Work order. Exact copies of all the lines below are required, with the pictures omitted.

Provided records.
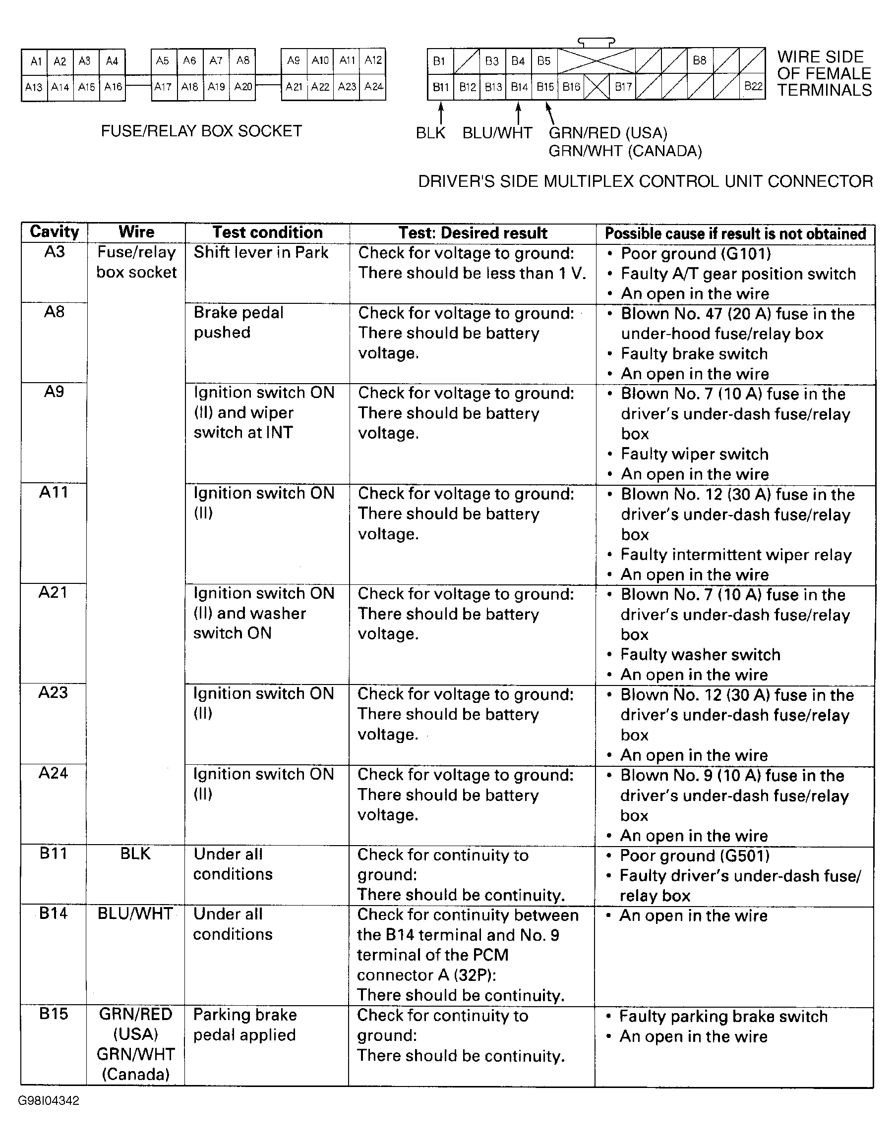 Home >> Honda >> 1999 >> Civic Si >> Repair and Diagnosis (Single Page) >> Accessories & Equipment >> Wiper/Washer Systems >> Wiper System & Washer System >> System Tests >> Driver's Multiplex Control Unit Input Test >> Odyssey
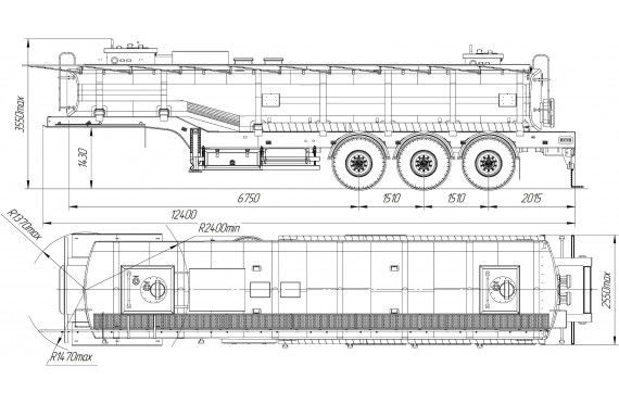 30 000 литров, прямое сечение, шины 425/85R21/6+1 или 385/65R22.5/6+1, рессорная или пневматическая подвеска
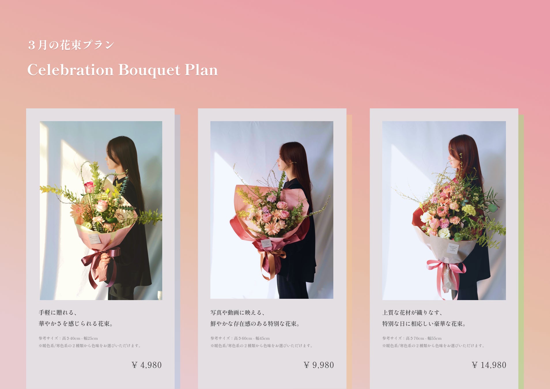 TABULAでは、卒業式をはじめ、誕生日や記念日、送別会などの特別なシーンを彩る3月限定の花束プランをご用意しました。また、注文時に花束のお色味をお選びいただけます。(例:暖色系の花束:ピンクやオレンジ系の華やかな花束・寒色系の花束:スタイリッシュなパープルや葉ものを使用した花束)今年は以下の3つのプランからお選びいただけます。
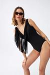 Çamaşır Kenti Püsküllü Mayo Siyah ile plajda ve havuzda kendinizi özgür ve şık hissedin. Siz de tarzınızı yansıtmak ve dikkatleri üzerinize çekmek için hemen sepetinize ekleyin!
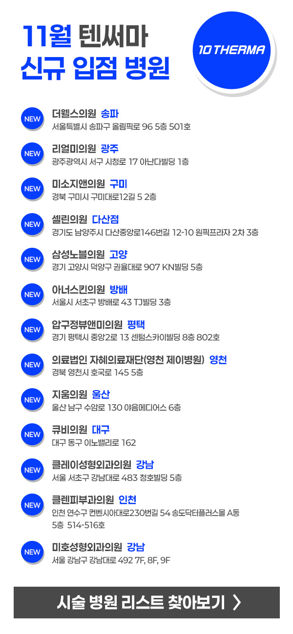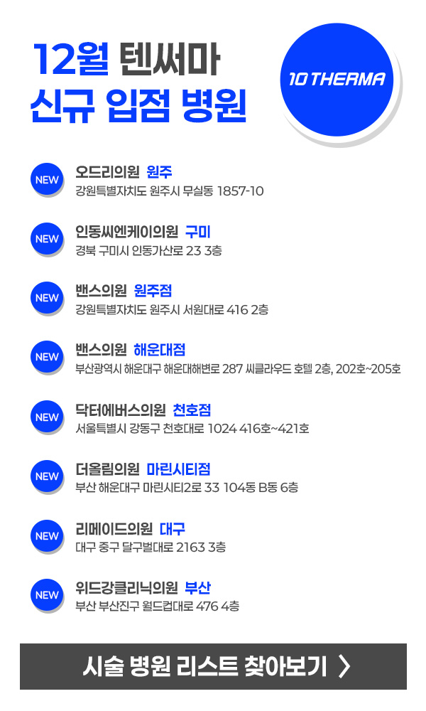 닫기 하루동안 보지않기 텐써마 효과는 텐써마 텐써마 팁 정품팁 인증 데모문의 병원찾기 마케팅 자료 회사소개 텐텍몰 바로가기 기재하신 개인정보의 수집 및 이용에 동의합니다. (필수) 기재하신 개인정보의 수집 및 이용에 동의합니다. (필수)
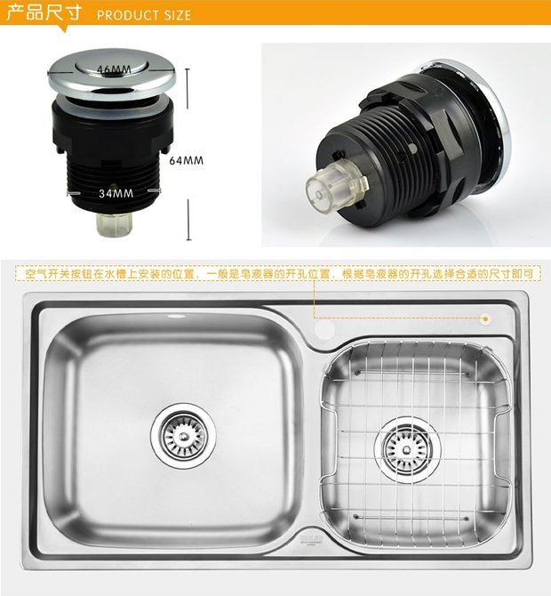자쿠지 음식물 쓰레기 처리기 액세서리 분쇄기 공기 공압 압력 시작 스위치 버튼스토어 가기

Solution.
 Home >> Honda >> 1999 >> Civic Si >> Repair and Diagnosis (Single Page) >> Accessories & Equipment >> Wiper/Washer Systems >> Wiper System & Washer System >> System Tests >> Driver's Multiplex Control Unit Input Test >> Odyssey
 30 000 литров, прямое сечение, шины 425/85R21/6+1 или 385/65R22.5/6+1, рессорная или пневматическая подвеска
 TABULAでは、卒業式をはじめ、誕生日や記念日、送別会などの特別なシーンを彩る3月限定の花束プランをご用意しました。また、注文時に花束のお色味をお選びいただけます。(例:暖色系の花束:ピンクやオレンジ系の華やかな花束・寒色系の花束:スタイリッシュなパープルや葉ものを使用した花束)今年は以下の3つのプランからお選びいただけます。
 Çamaşır Kenti Püsküllü Mayo Siyah ile plajda ve havuzda kendinizi özgür ve şık hissedin. Siz de tarzınızı yansıtmak ve dikkatleri üzerinize çekmek için hemen sepetinize ekleyin!
 닫기 하루동안 보지않기 텐써마 효과는 텐써마 텐써마 팁 정품팁 인증 데모문의 병원찾기 마케팅 자료 회사소개 텐텍몰 바로가기 기재하신 개인정보의 수집 및 이용에 동의합니다. (필수) 기재하신 개인정보의 수집 및 이용에 동의합니다. (필수)
자쿠지 음식물 쓰레기 처리기 액세서리 분쇄기 공기 공압 압력 시작 스위치 버튼스토어 가기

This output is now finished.